COLLECTED MATERIAL:
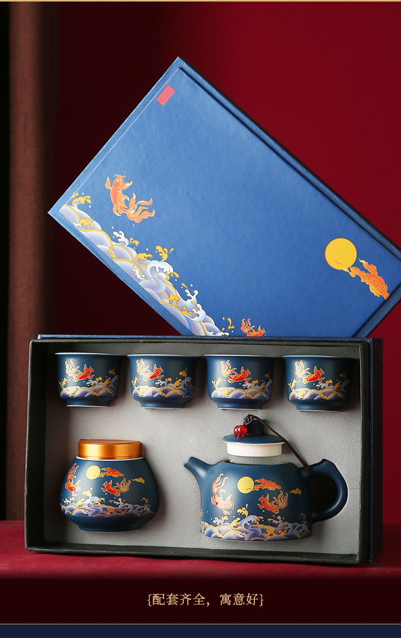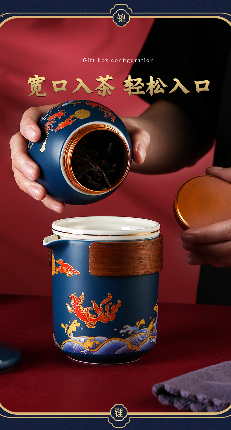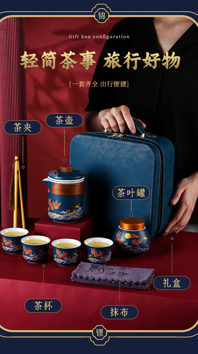 国潮风锦鲤旅行茶具商务活动礼品套装高档礼品送客户伴手礼印logo
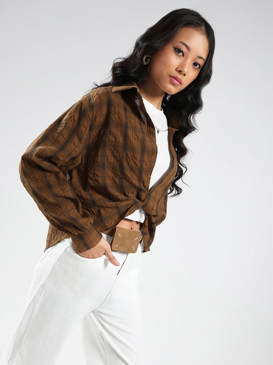 Brown Checkered Oversized Shirt with tank top and necklace
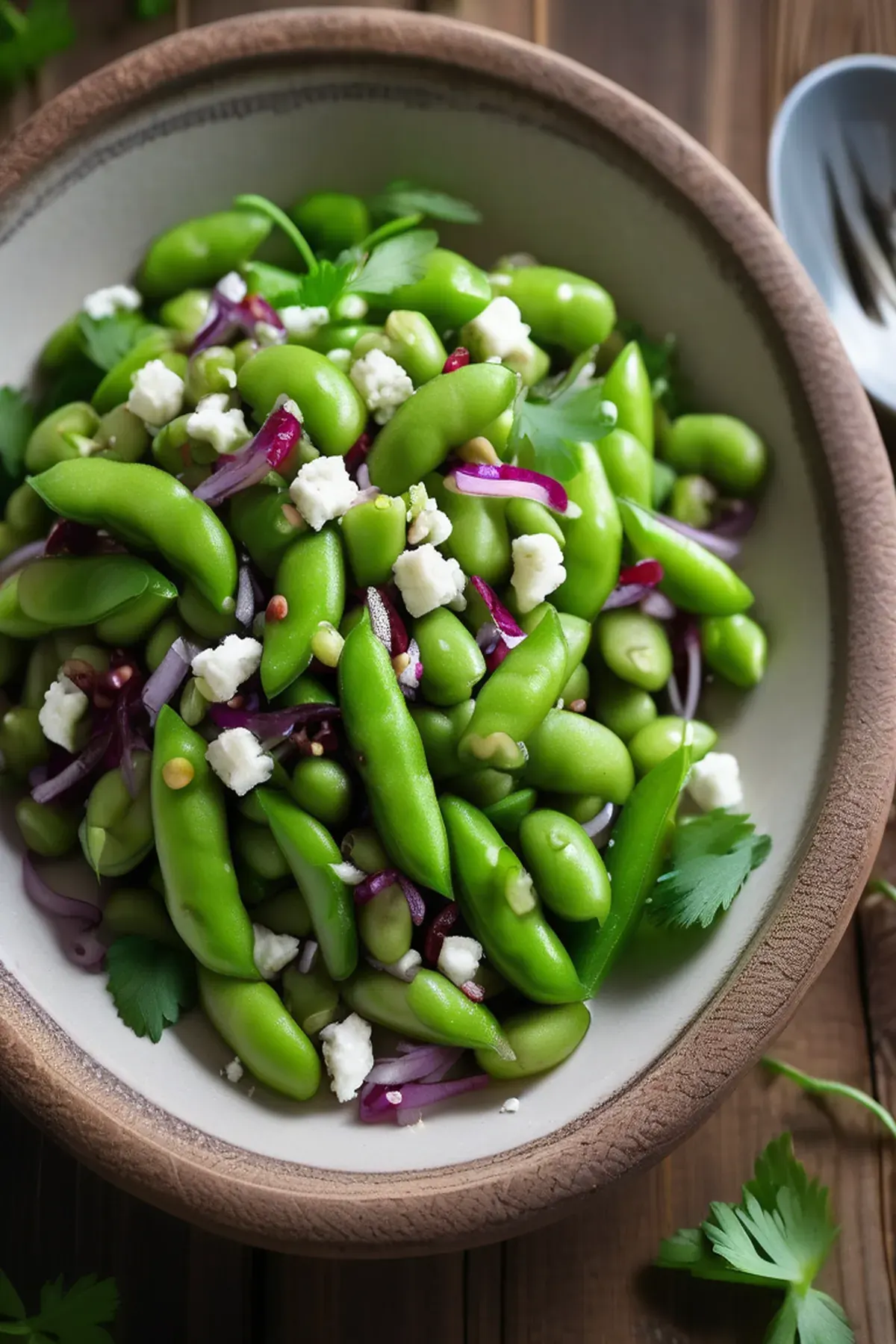 A refreshing and flavorful salad originating from the Middle East, made with boiled edamame, crunchy cucumber, and tangy feta cheese.

PROBLEM REQUIREMENTS:
Would you return the data above exactly as written, minus the images?

WRITTEN ANSWER:
 国潮风锦鲤旅行茶具商务活动礼品套装高档礼品送客户伴手礼印logo
 Brown Checkered Oversized Shirt with tank top and necklace
 A refreshing and flavorful salad originating from the Middle East, made with boiled edamame, crunchy cucumber, and tangy feta cheese.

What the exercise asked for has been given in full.